There’s a specific fantasy about being able to transform a space you know so well, Feldmann says. In addition to your own home or town, the marketing for Global Farmer suggests using famous tourist locations, such as Buckingham Palace, as the beginning of your new agricultural life. “[Players creating their] own stories around those places can be even more impactful than in purely fictional environments,” Feldmann says.
There is something inherently fun about being in control of a place you see every day or one that is deeply iconic. In particular, tearing down a perfectly manicured gated garden from which the British royal family takes £510 million per year and turning it into land to grow food for a country where 4.5 million children live in poverty might not be a one-to-one political solution, but it is emotionally compelling.
“We’ve heard stories of players who became interested in public transport as a career thanks to the game.”
The quality — or lack thereof — of public transportation is another key political topic where I live. The local buses are currently in the process of being nationalized again after what South Yorkshire Mayor Oliver Coppard calls a “failed experiment” in privatization. Maybe that’s why, even though these might just be pixels on a screen, I want to do it right. That’s a feeling many players seem to experience. “Our Discord community is full of players who are passionate about public transport,” Polster says. “We’ve heard stories of players who became interested in public transport as a career thanks to the game.”

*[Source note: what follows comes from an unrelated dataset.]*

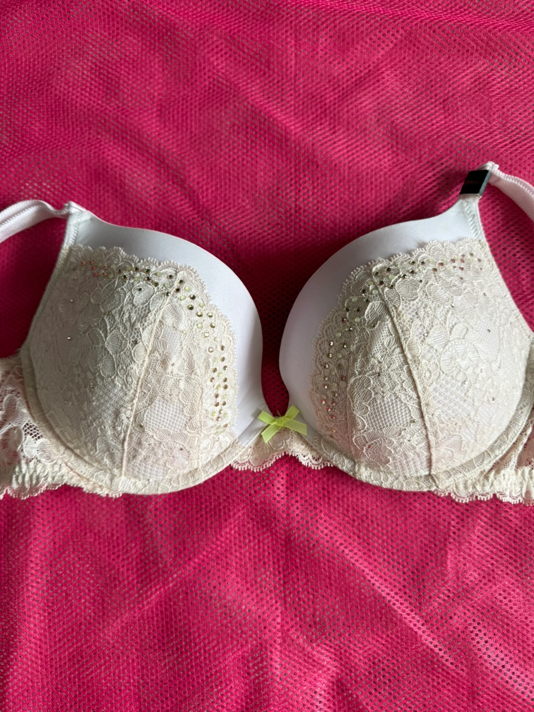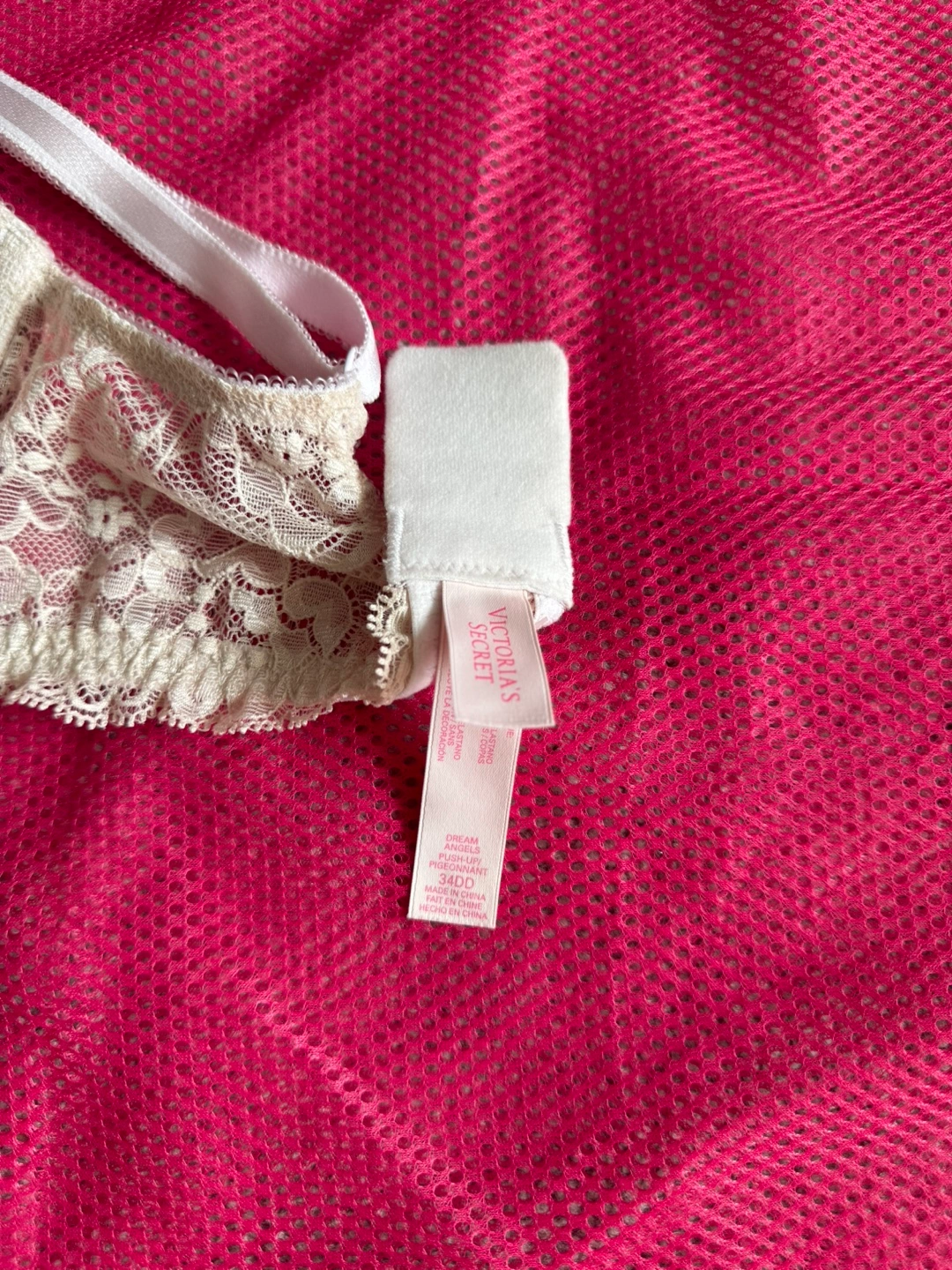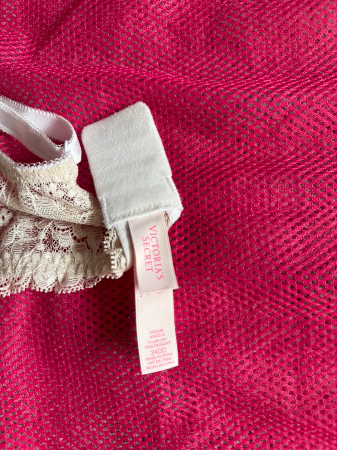 MEETING LOCATION: Scarborough Town Centre Mall only Victoria's Secret Dream Angels Push-Up Bra ***Size 34DD ***Light-padding ***Moderate Push-up style (see info. tag) ***Featuring a delicate lace detailing and subtle rhinestone embellishments ***Romantic detailing ***Nylon/Elastane: it’s designed for comfort and a flattering lift ideal for everyday wear! CONDITION: Excellent! New with original size/brand tag still attached on the strap (see photo#3,8) Colour: Pale beige/pink

Of course, game developers using OSM data are still making games, rather than exact simulations. The real world is not always a well-balanced game design space. “In smaller towns and villages, routes can be unprofitable with realistic numbers,” Polster says. City Bus Manager compensates for this by giving players more financial support, which is a straightforward and useful bit of game design. But when it comes to treating the games as direct representations of the world, it elides some complexity. For example, according to Polster, some players have reached out to their local transportation agencies with data they’ve gathered from playing in their local areas — despite the fact that the game is not actually designed as a faithful recreation of the real world, even if its map is.

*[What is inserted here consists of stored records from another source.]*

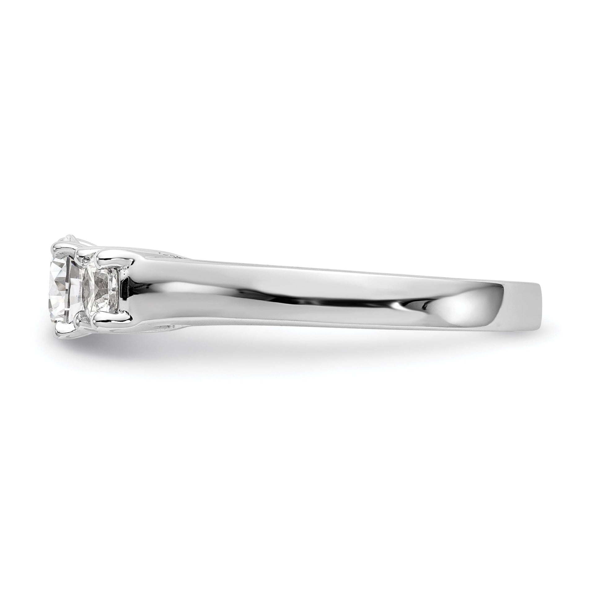 Featuring a polished finish, rhodium plating, and a rounded edge design, this exquisite ring has a 2.71 to 3.39 mm tapered band providing extra comfort for your finger. The mounting is casted with a closed back and is sizeable. The center stone mounting weighs 0.5 ct and is round shaped, while the side stone mounting weighs 0.24 ct and is also round shaped. The product type is jewelry mountings and it is sold individually.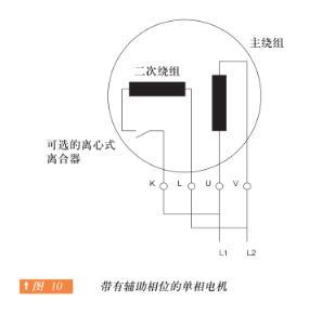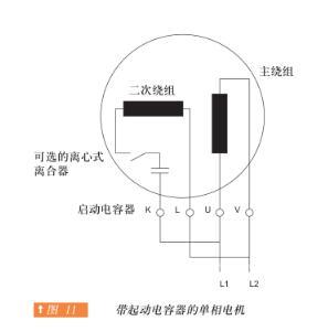下圖 (圖11) 給出了一個(gè)帶有永久連接電容器的單相電機(jī)。也可以采用其它設(shè)置,比如在達(dá)到指定速度以后打開相移回路。
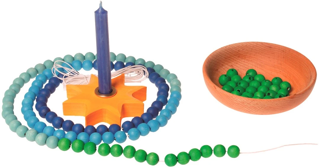 Dieses Set ist auch sehr schön als Jahreskette: Jeden Tag wird eine neue Holzperle aufgefädelt, wobei jedem Monat eine bestimmte Farbe zugeordnet ist. Auf diesem Weg können Kinder erfahren und »begreifen« was ein Jahr, ein Monat oder auch ein Tag ist. Sie entwickeln dadurch leichter ein Gefühl für größere Zeiträume.

Another challenge is that OSM data isn’t always fully reliable. Polster explains that there can be errors or missing data that break very specific areas in the game, requiring PeDePe to manually find the issues and fix them. But OSM is also a volunteer-run program, meaning players can correct the data at the source. “Many of our players contribute directly to OpenStreetMap,” if they find errors in their local area, Polster says, which improves the dataset for everybody, no matter what they’re using it for.

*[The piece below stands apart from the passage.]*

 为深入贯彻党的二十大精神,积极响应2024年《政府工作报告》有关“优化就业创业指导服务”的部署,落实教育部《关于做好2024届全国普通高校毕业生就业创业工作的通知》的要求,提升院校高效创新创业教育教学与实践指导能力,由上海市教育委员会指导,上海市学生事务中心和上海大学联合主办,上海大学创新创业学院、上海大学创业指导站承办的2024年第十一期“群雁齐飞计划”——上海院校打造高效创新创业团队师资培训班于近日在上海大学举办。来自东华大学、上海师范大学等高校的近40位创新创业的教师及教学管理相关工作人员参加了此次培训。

Density of data is also a particular issue for the Global Farmer developers, who found that OSM has a lot more information about roads than field systems. There are plenty of areas where individual field boundaries aren’t mapped, making “total grey areas where gameplay actually couldn’t happen.” The developers compensated for this by making a map editor, where players can copy satellite images from other sources to correct the data, but it means that those who don’t want to build their own maps are limited to the places where OSM has detailed data or where other players have shared their creations.
Management sims have often reached for a sense of realism, and OSM data is a useful tool in that toolbox. It also allows players to control environments they know well and can connect with. But it is not a perfect recreation of the world, and even if it was, that isn’t always what games need. According to Feldmann, navigating these factors “can be very frustrating.”
But, just like players, developers are drawn to the idea of blurring the lines between places they know and places they simulate. “It is also super rewarding whenever you manage to find a solution and get great results that are connected to the real world,” Feldmann says.